Why Datadog
Datadog gives me infrastructure-level observability across servers, containers, and services. Where New Relic focuses on application performance, Datadog brings the full picture — host metrics, container health, log aggregation, and cross-service dashboards.
How I Use It
At KnausDev, I use Datadog on client infrastructure where I need to correlate application behavior with system-level metrics. CPU spikes during queue processing, memory pressure on Docker containers, disk I/O during database migrations — these are infrastructure problems that don’t show up in application-level monitoring alone.

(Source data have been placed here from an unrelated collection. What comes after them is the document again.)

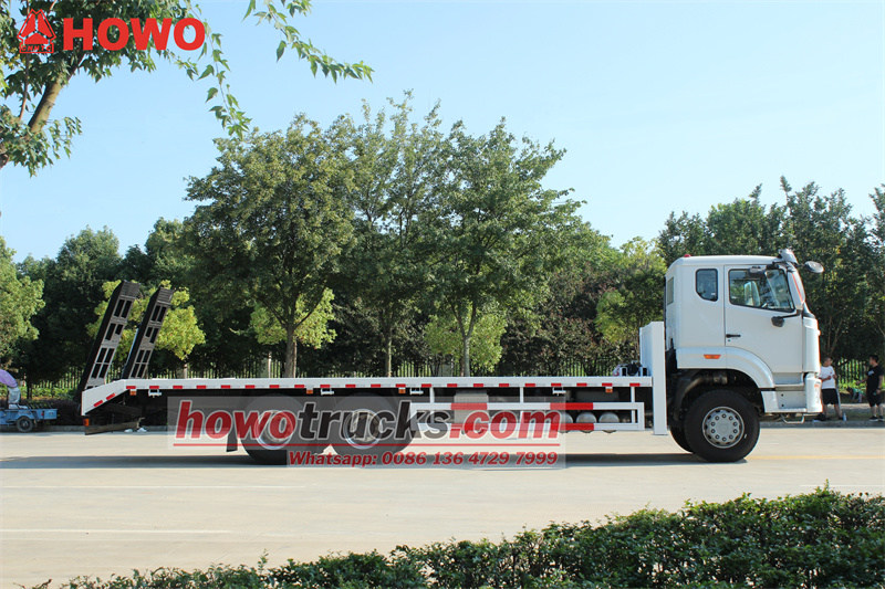 HOWO NX 20トン自走式トラックは、HOWO NX400 6x4シャーシを改造した平床式輸送トラックです。Weichai WP12.400E201エンジンとSinotruk HW19710ギアボックスを搭載しています。上部ボディは、厚さ8mmの滑り止めパターンプレートと120x120x5mmの国家規格角形鋼管の底梁を備えた7.5x2.5メートルの平床です。後部は、長さ2.2メートルの機械式スプリングタイプの全鋼製機械式ランプです。ランプには後部アウトリガーも装備されています。車両の前部には、油圧アウトリガーと45メートル20トンウインチが装備されています。後部の左右の操作レバーで、油圧アウトリガー、ウインチ、機械式ランプなどの操作を制御します。
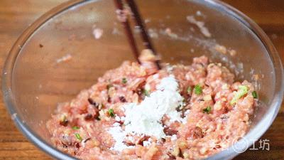 1. 早期浸泡干香菇 10 分钟,泡好的香菇切丁,加入香菇水,加入肉馅中搅拌,加入葱姜末,搅拌均匀。
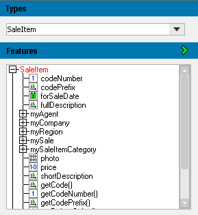 The features (properties and methods) of the selected type are then displayed in the Features pane, as shown in the following image.
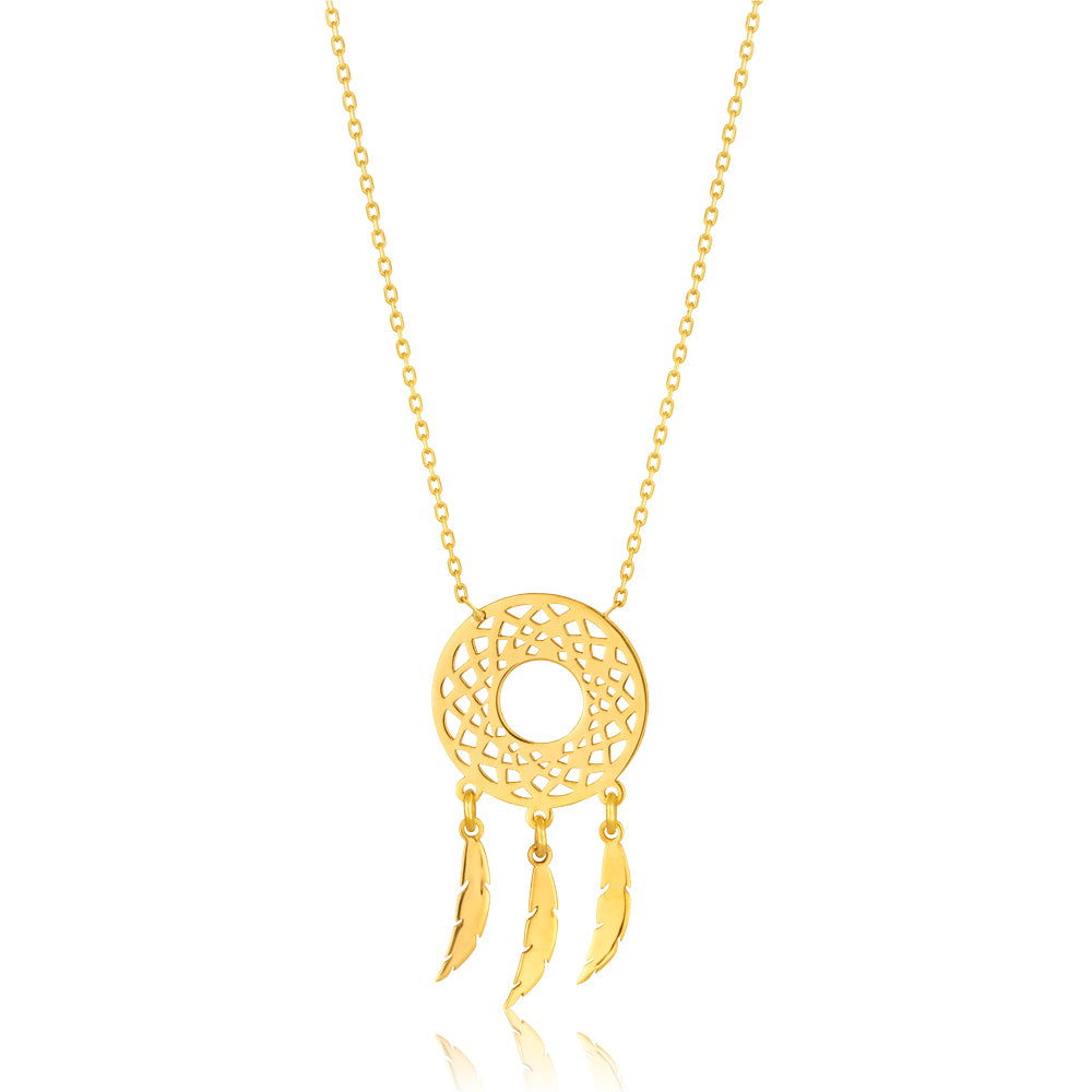 9ct Yellow Gold Dreamcatcher & Feather Pendant With 45cm chain

On platforms like Exlink with 15+ servers across Hetzner and Azure, Datadog ties together what’s happening across providers into a single view. Background jobs processing expert matching queries, Meilisearch indexing, and Zoom webhook ingestion all generate infrastructure load that needs visibility beyond the Laravel application layer.
RUM & Session Tracking gives me the frontend side — real user performance data, session replays, and error tracking from the browser. When a client reports something is broken, I can pull up the exact session and see what happened from their perspective.
Log management is the other key piece. Centralizing logs from Laravel applications, Nginx, and background workers into a single searchable interface saves hours of SSH-ing into individual servers to grep through log files.
In the Stack
Datadog, New Relic, and Uptime Kuma cover three different levels of the same problem across KnausDev infrastructure. Uptime Kuma watches the surface — is it responding. New Relic watches the application — is it performing. Datadog watches the infrastructure — is it healthy. k6 validates performance before deployment. Not every project needs all four, but having experience across the spectrum means I can pick the right tool for the scale.